** Exercise directions **
Each entry should be set down again verbatim, with the images omitted.

** Data supplied **
>>>

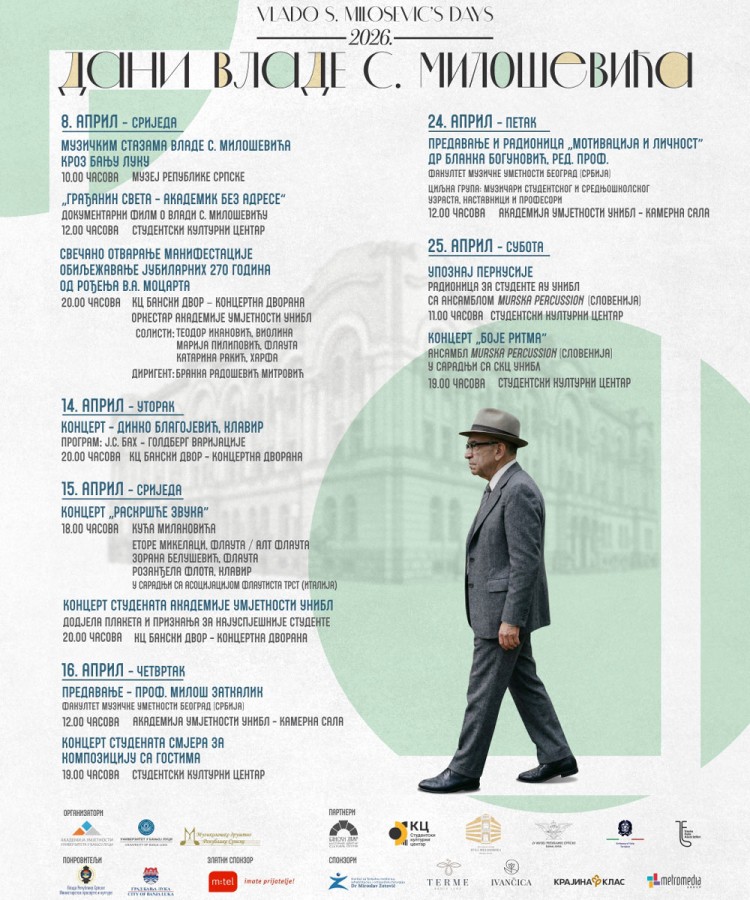 03.04.2026. | 12:55Manifestacija “Dani Vlade S. Miloševića”, koju tradicionalno organizuje Akademija umjetnosti Univerziteta u Banjaluci (AU UNIBL) u saradnji sa Muzikološkim društvom Republike Srpske u znak sjećanja na čuvenog kompozitora, etnomuzikologa i pedagoga, biće održana od 8. do 25. aprila.
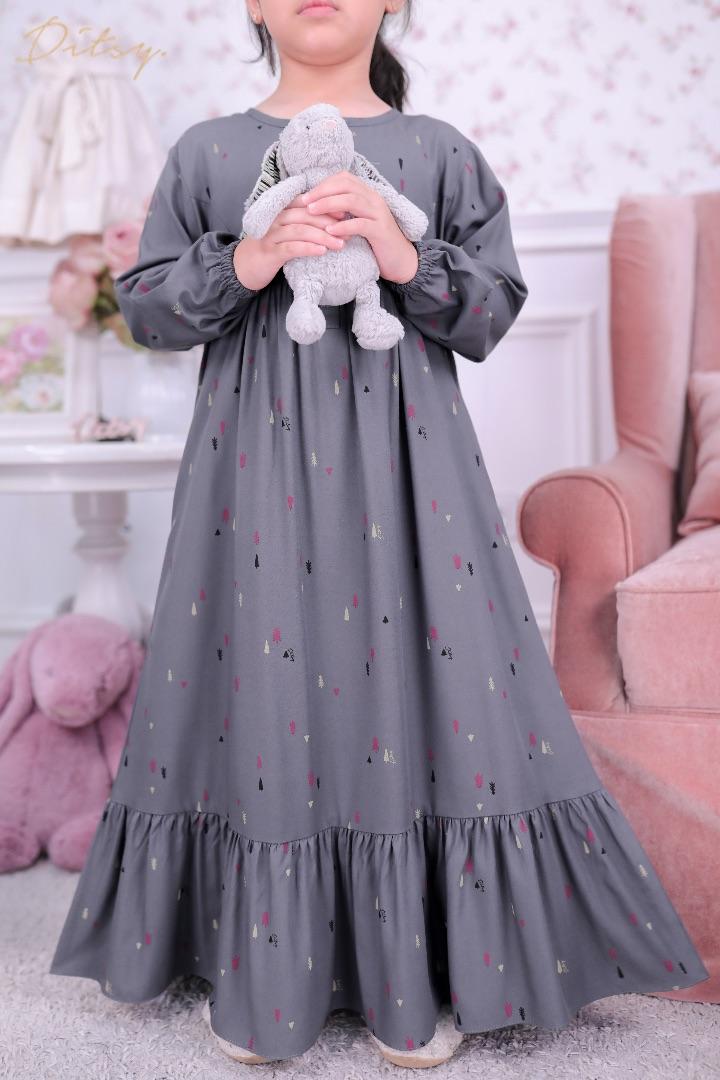 • Model Avra Ashgrey : Series 7 , warna dasar abu ada hint ungu. Ada rempel dibagian dada dan belakang namun tidak sekeliling sehingga membuat daster ini lebih leluasa
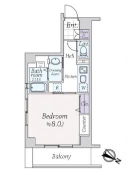 | 間取り | 1K | 専有面積 | 28.69m2(8.6坪) 壁芯 |
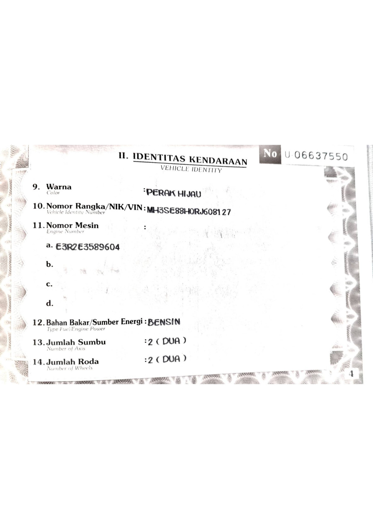 | No. Rangka | : | MH3SE88H0RJ608127 |
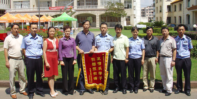 政法系晁丽华副书记代表政法系对余彬警官为学院昆师路校区大学生提供法律帮助和纠纷调解所做的工作表示了由衷感谢,保卫处方永昆副处长及政法系何杰副主任向余彬警官赠送了“真情系学子,明德筑和谐”的锦旗。
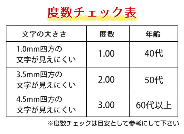 ●度数は+1.00、+2.00、+3.00の3タイプからお選びいただけます。
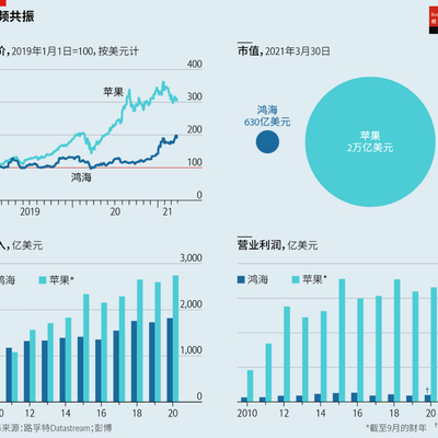 经济学人的一篇文中用 “同频共振” 来描述了苹果和鸿海的黄金组合关系。以过去一年为例,苹果的股价涨了三倍,鸿海的股价也翻了一番。
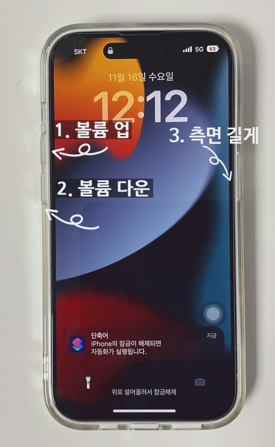 1. 아이폰 왼쪽 볼륨업 또는 볼륨다운 버튼 둘 중 하나와 오른쪽 전원 버튼을 동시에 2초 이상 꾹 누릅니다.
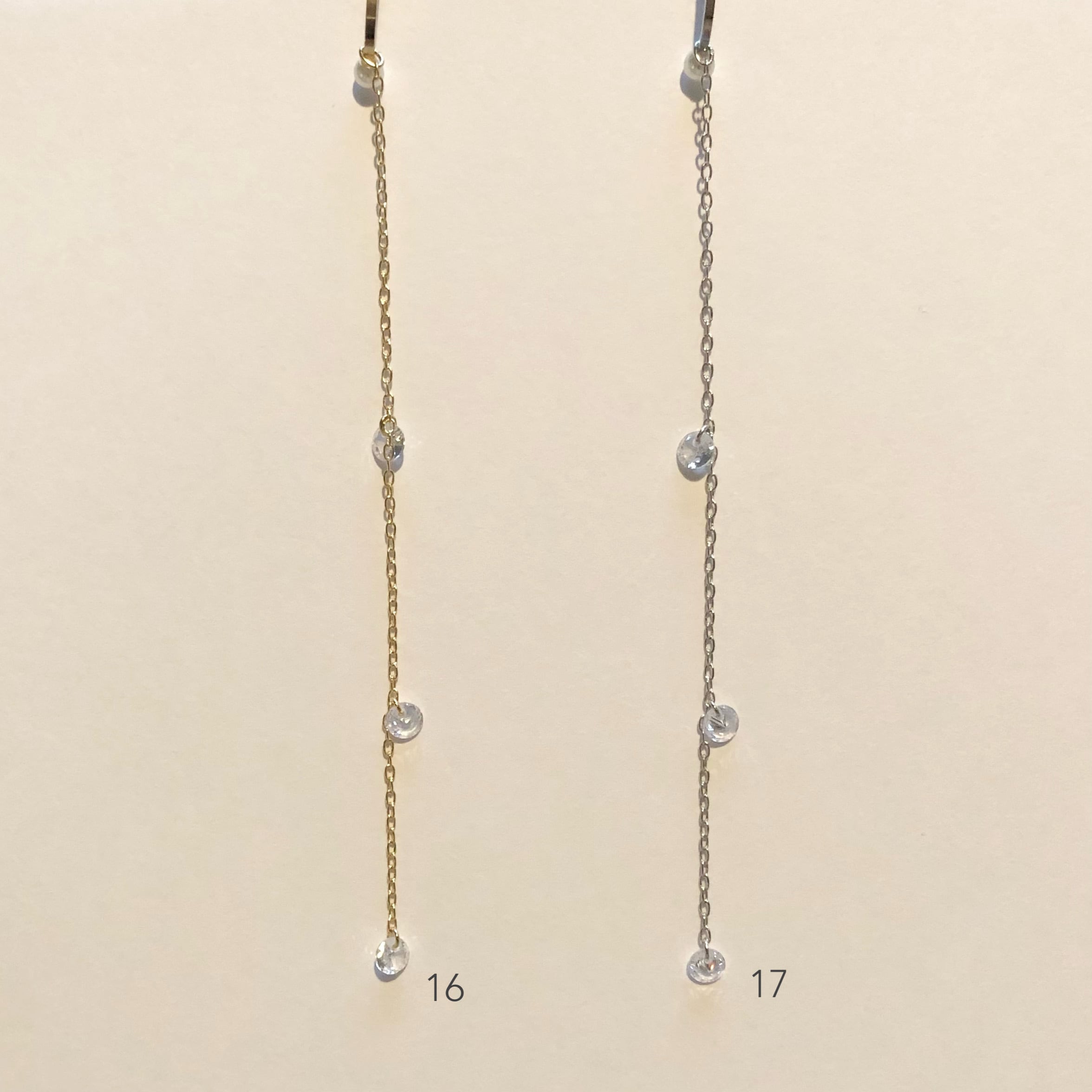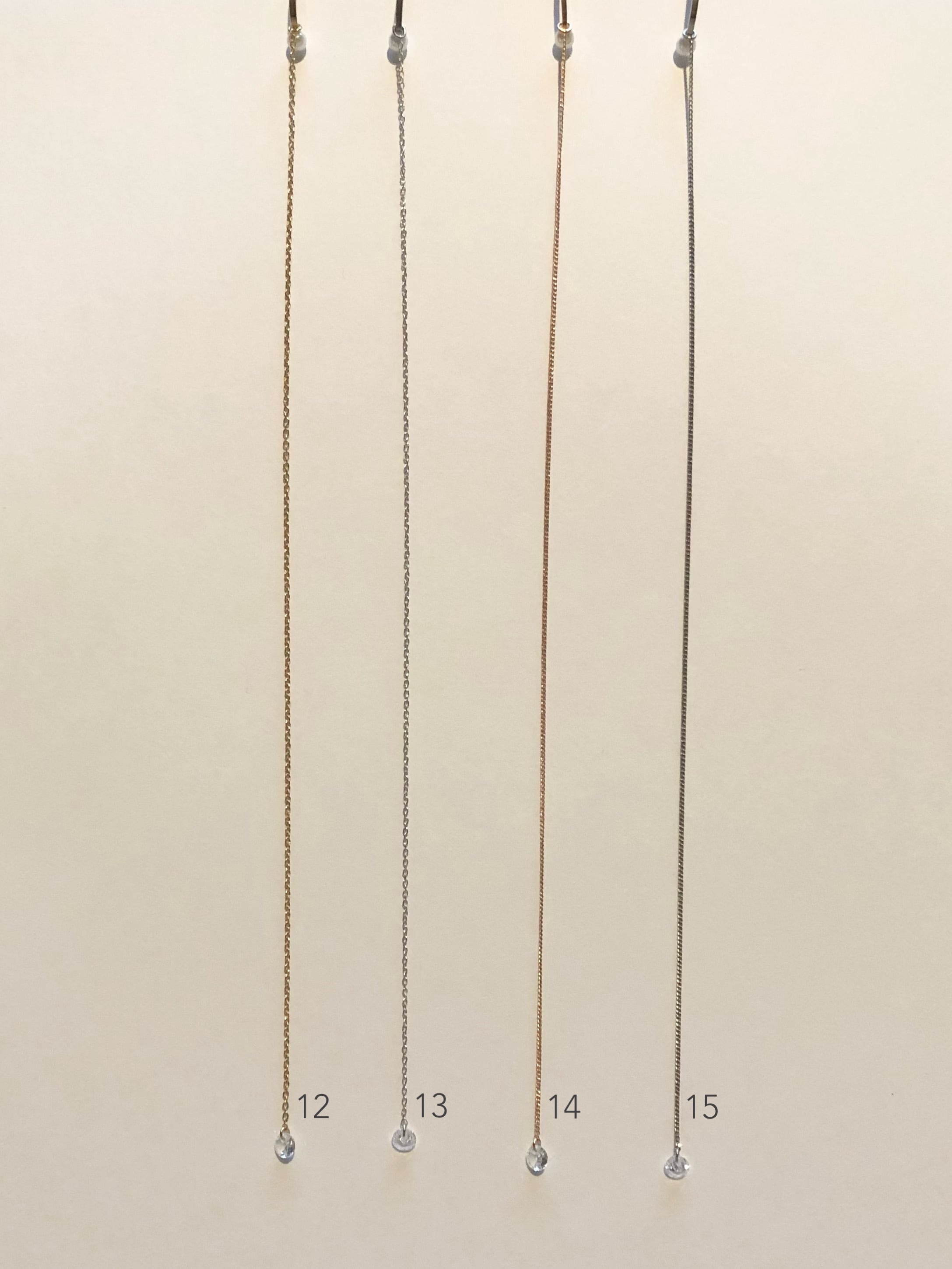大きさ チェーンの長さ 1〜3約9.5cm、4と5約4cm、6と7約5.5cm、8と9約4cm、10と11約5.5cm、12〜15約18.5cm、16と17約9.5cm
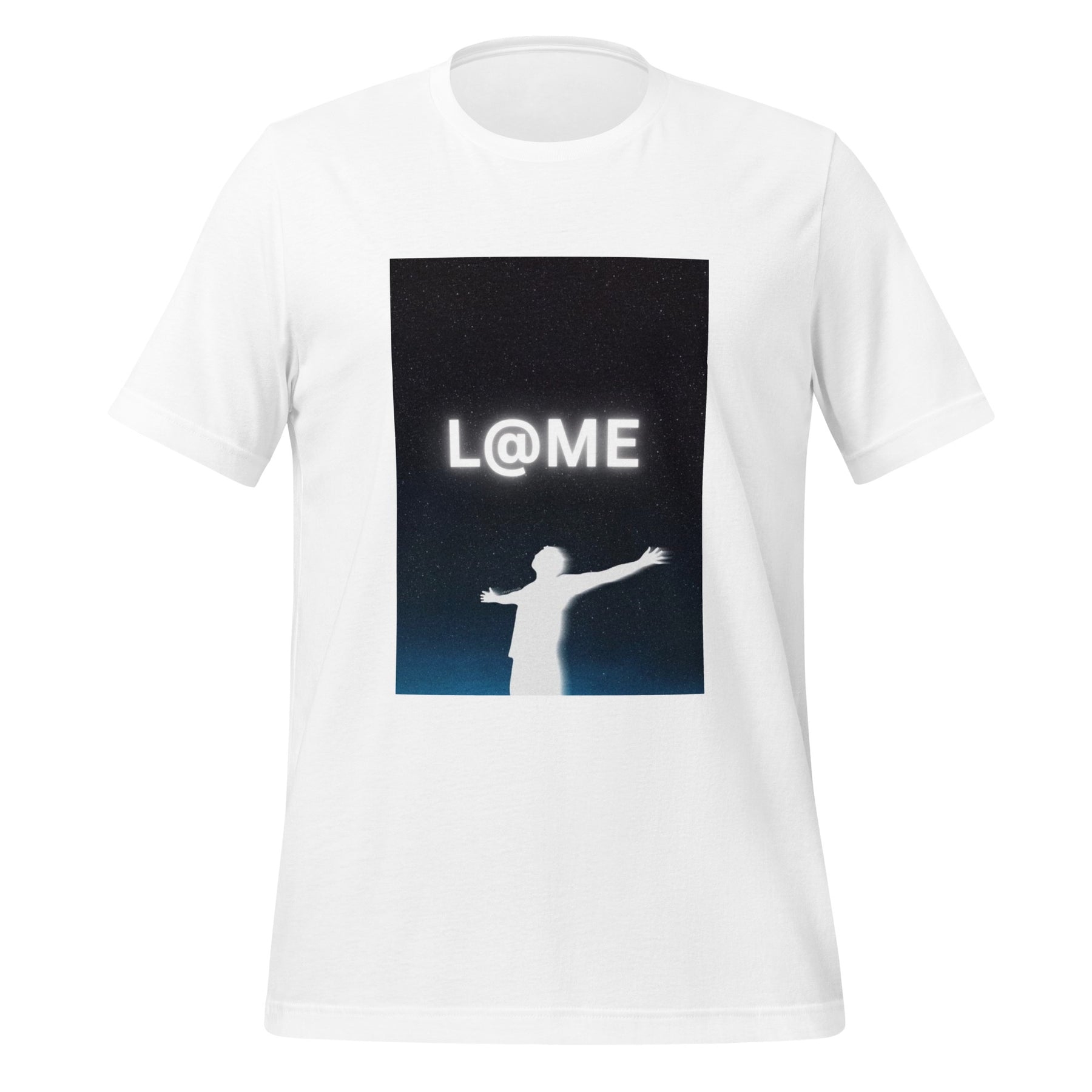 Unisex T-shirt with a white glowing silhouette under a starry night sky and L@ME logo.

<<<

** Reply to the task **
 03.04.2026. | 12:55Manifestacija “Dani Vlade S. Miloševića”, koju tradicionalno organizuje Akademija umjetnosti Univerziteta u Banjaluci (AU UNIBL) u saradnji sa Muzikološkim društvom Republike Srpske u znak sjećanja na čuvenog kompozitora, etnomuzikologa i pedagoga, biće održana od 8. do 25. aprila.
 • Model Avra Ashgrey : Series 7 , warna dasar abu ada hint ungu. Ada rempel dibagian dada dan belakang namun tidak sekeliling sehingga membuat daster ini lebih leluasa
 | 間取り | 1K | 専有面積 | 28.69m2(8.6坪) 壁芯 |
 | No. Rangka | : | MH3SE88H0RJ608127 |
 政法系晁丽华副书记代表政法系对余彬警官为学院昆师路校区大学生提供法律帮助和纠纷调解所做的工作表示了由衷感谢,保卫处方永昆副处长及政法系何杰副主任向余彬警官赠送了“真情系学子,明德筑和谐”的锦旗。
 ●度数は+1.00、+2.00、+3.00の3タイプからお選びいただけます。
 经济学人的一篇文中用 “同频共振” 来描述了苹果和鸿海的黄金组合关系。以过去一年为例,苹果的股价涨了三倍,鸿海的股价也翻了一番。
 1. 아이폰 왼쪽 볼륨업 또는 볼륨다운 버튼 둘 중 하나와 오른쪽 전원 버튼을 동시에 2초 이상 꾹 누릅니다.
大きさ チェーンの長さ 1〜3約9.5cm、4と5約4cm、6と7約5.5cm、8と9約4cm、10と11約5.5cm、12〜15約18.5cm、16と17約9.5cm
 Unisex T-shirt with a white glowing silhouette under a starry night sky and L@ME logo.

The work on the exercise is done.